Data provided:
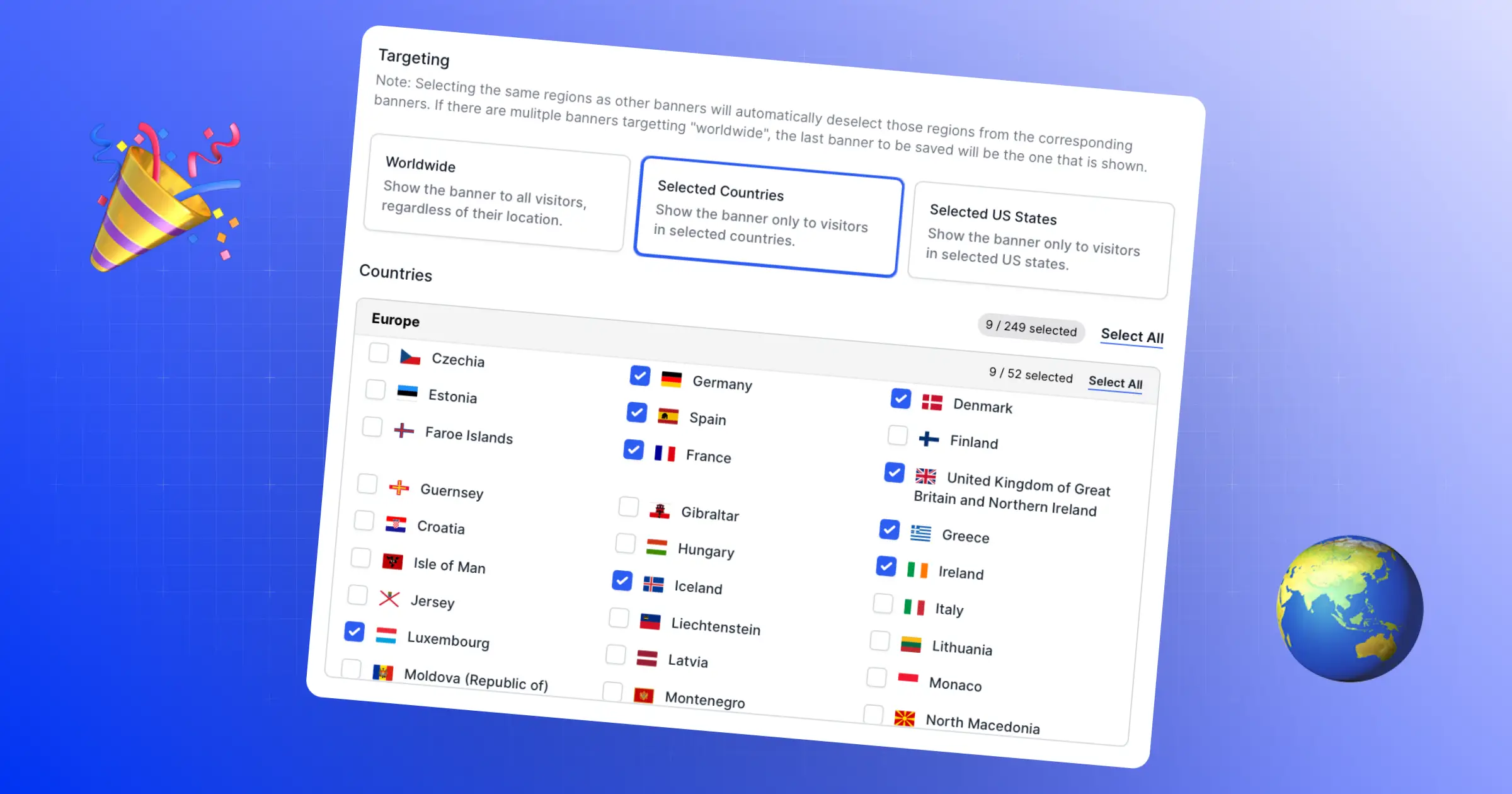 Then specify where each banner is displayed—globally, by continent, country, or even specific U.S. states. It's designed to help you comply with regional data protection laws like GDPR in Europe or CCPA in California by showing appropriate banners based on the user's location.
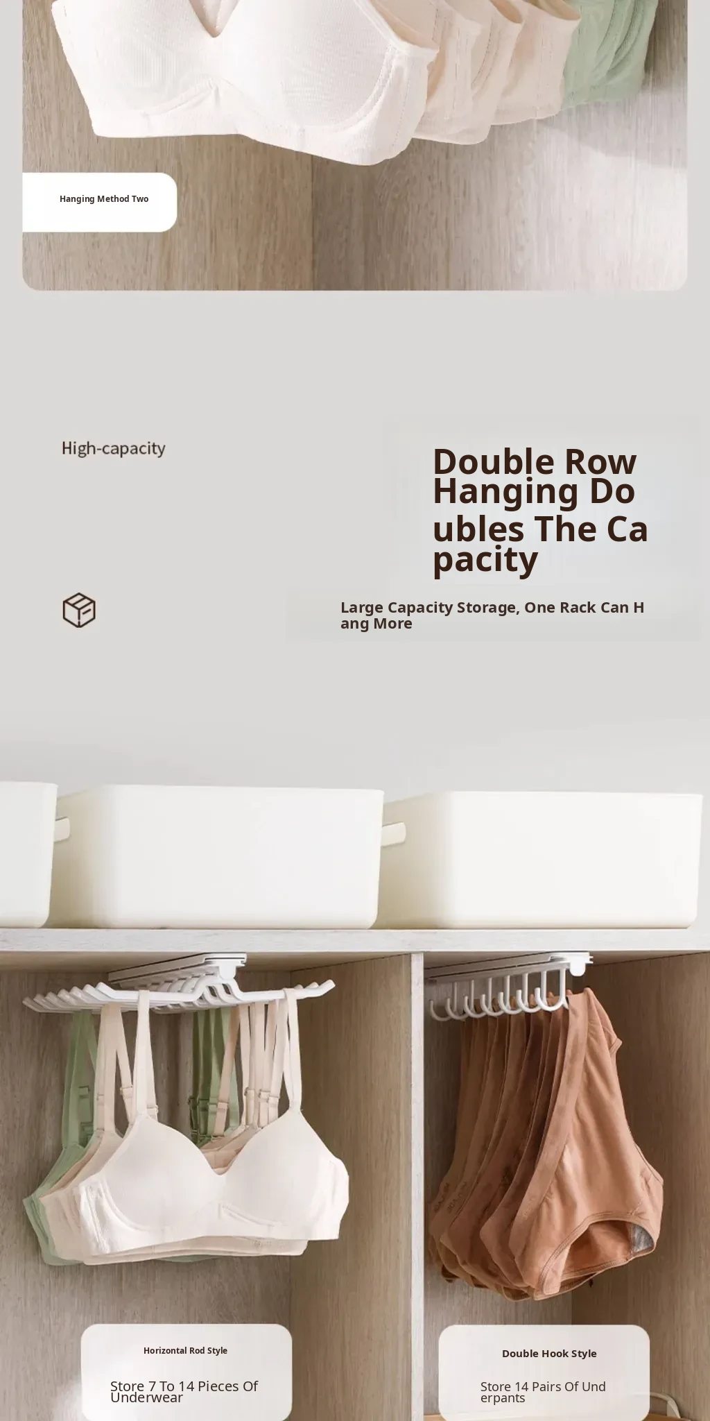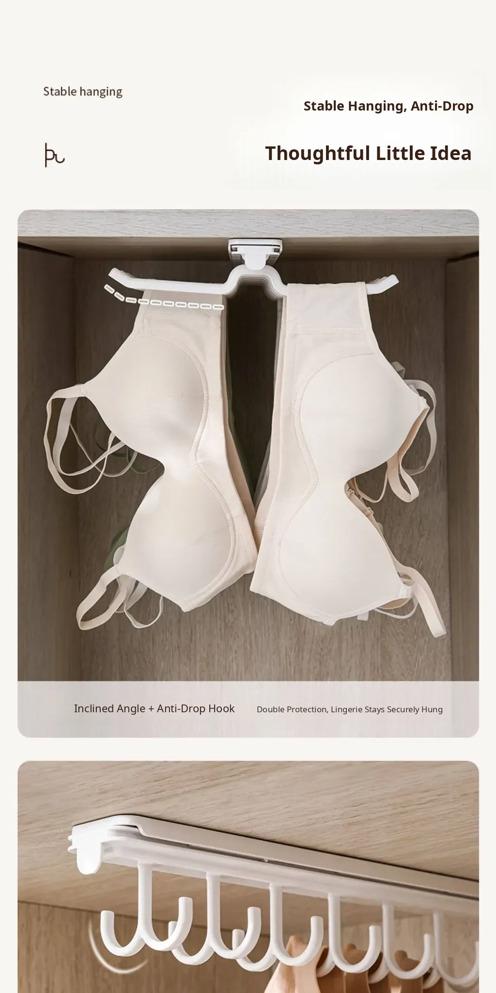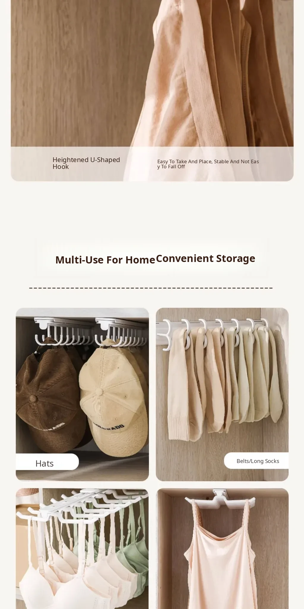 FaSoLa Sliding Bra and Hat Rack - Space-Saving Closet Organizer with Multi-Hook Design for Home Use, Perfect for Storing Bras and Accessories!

* * *

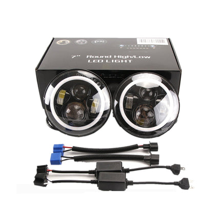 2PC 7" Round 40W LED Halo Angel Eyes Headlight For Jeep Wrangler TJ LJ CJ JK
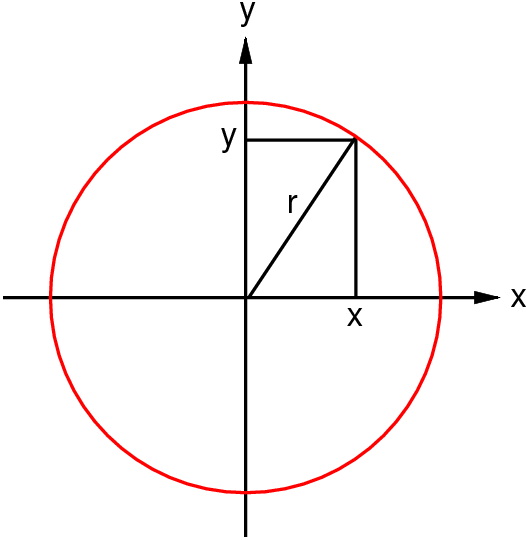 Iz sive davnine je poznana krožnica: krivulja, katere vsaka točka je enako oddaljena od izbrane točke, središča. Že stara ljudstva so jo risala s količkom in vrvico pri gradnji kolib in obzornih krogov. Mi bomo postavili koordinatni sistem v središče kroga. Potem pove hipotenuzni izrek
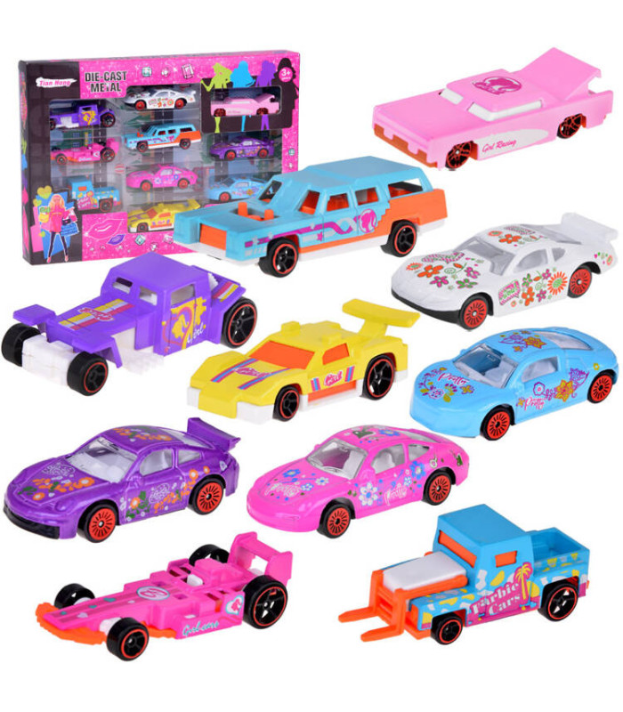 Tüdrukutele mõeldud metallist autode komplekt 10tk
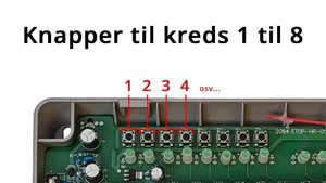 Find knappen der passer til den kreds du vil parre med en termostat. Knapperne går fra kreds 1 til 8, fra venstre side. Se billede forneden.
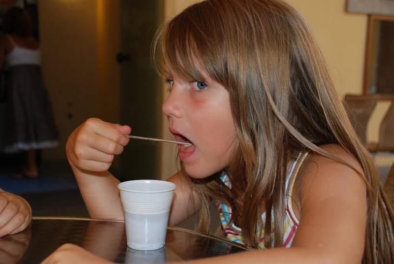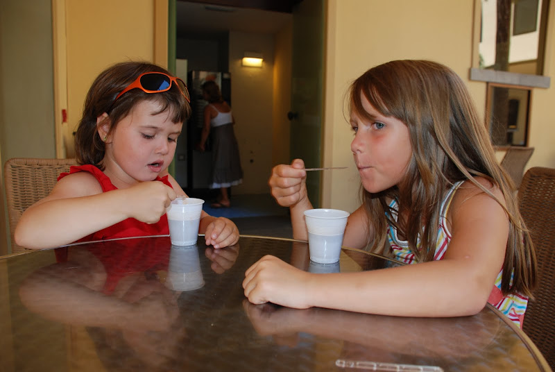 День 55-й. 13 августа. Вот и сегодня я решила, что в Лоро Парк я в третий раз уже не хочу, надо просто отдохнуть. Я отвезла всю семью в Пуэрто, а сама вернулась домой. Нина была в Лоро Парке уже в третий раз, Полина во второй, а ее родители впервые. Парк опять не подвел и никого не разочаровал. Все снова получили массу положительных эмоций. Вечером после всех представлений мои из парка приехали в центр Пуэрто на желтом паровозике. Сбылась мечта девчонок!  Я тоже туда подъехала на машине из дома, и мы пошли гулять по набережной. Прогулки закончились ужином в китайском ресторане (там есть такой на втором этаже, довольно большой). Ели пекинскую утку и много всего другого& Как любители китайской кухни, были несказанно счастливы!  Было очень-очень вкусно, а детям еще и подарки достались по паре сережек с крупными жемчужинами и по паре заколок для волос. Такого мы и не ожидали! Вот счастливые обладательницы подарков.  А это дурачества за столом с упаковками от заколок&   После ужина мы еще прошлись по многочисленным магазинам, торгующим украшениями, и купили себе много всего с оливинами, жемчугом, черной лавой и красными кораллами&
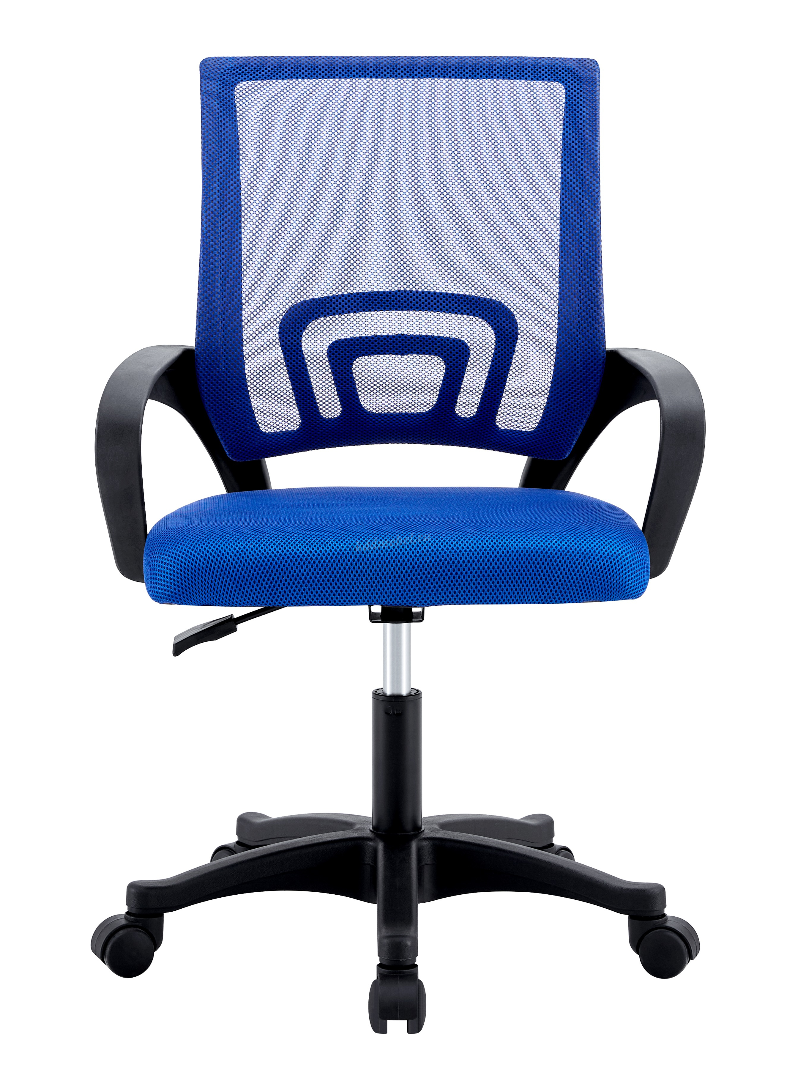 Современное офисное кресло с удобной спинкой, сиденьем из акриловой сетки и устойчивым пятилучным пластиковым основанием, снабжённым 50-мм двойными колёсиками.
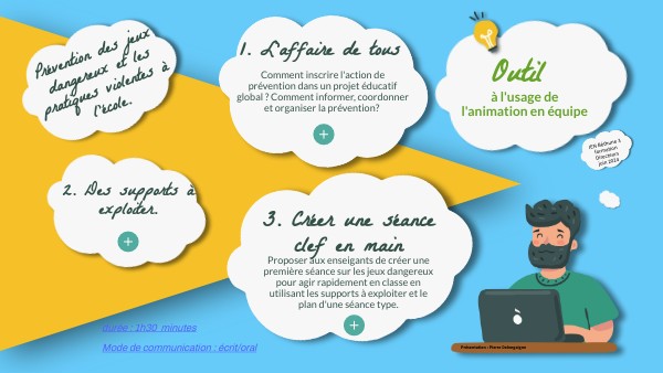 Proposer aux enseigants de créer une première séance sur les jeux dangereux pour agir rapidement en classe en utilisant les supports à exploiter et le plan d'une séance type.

---

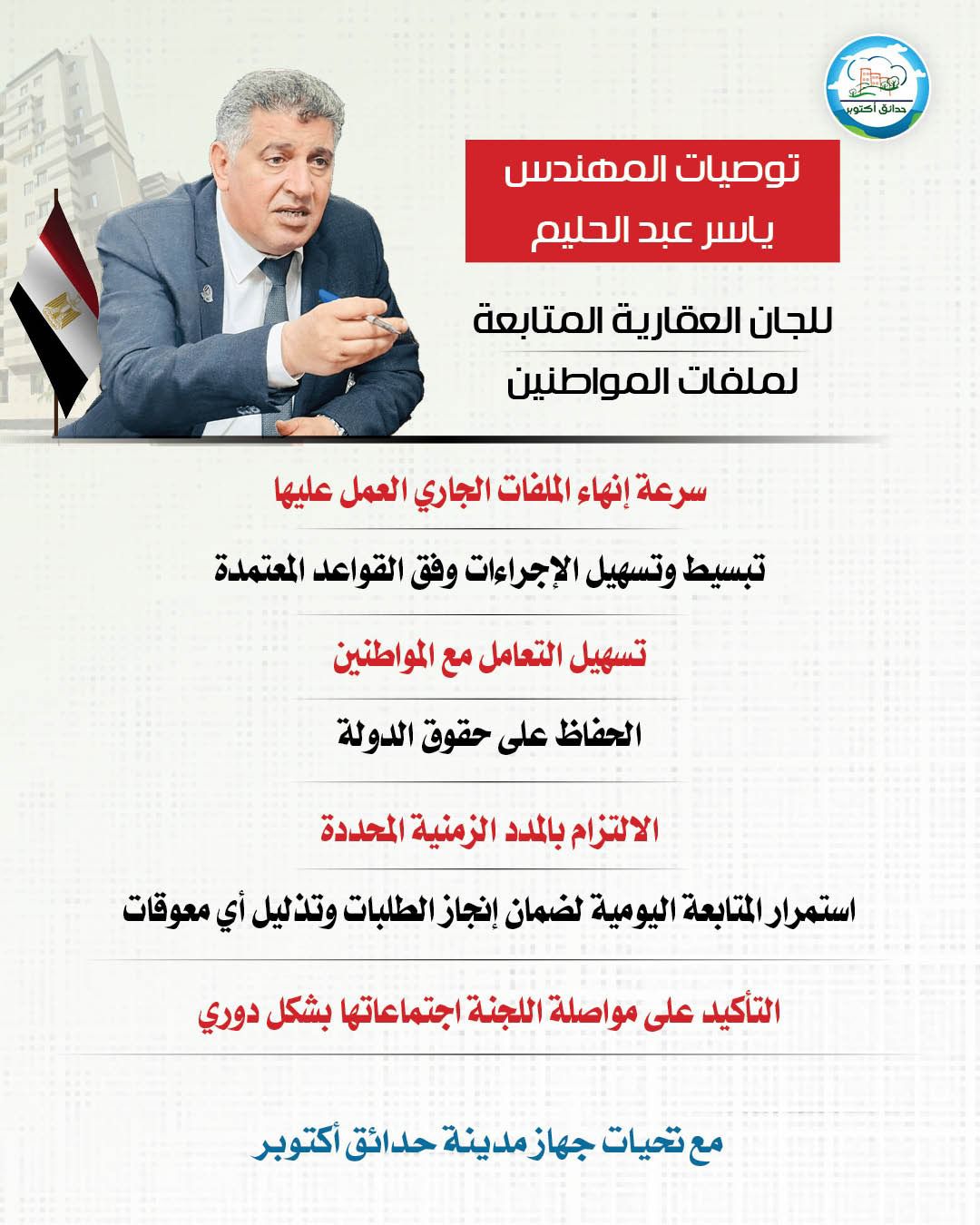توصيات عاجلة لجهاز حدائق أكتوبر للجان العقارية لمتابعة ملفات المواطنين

Directions: What you write must match the listing exactly, from the line with "TJ LJ CJ JK" up to and including the line with "Iz sive davnine". Pictures stay out.

Answer below:
 2PC 7" Round 40W LED Halo Angel Eyes Headlight For Jeep Wrangler TJ LJ CJ JK
 Iz sive davnine je poznana krožnica: krivulja, katere vsaka točka je enako oddaljena od izbrane točke, središča. Že stara ljudstva so jo risala s količkom in vrvico pri gradnji kolib in obzornih krogov. Mi bomo postavili koordinatni sistem v središče kroga. Potem pove hipotenuzni izrek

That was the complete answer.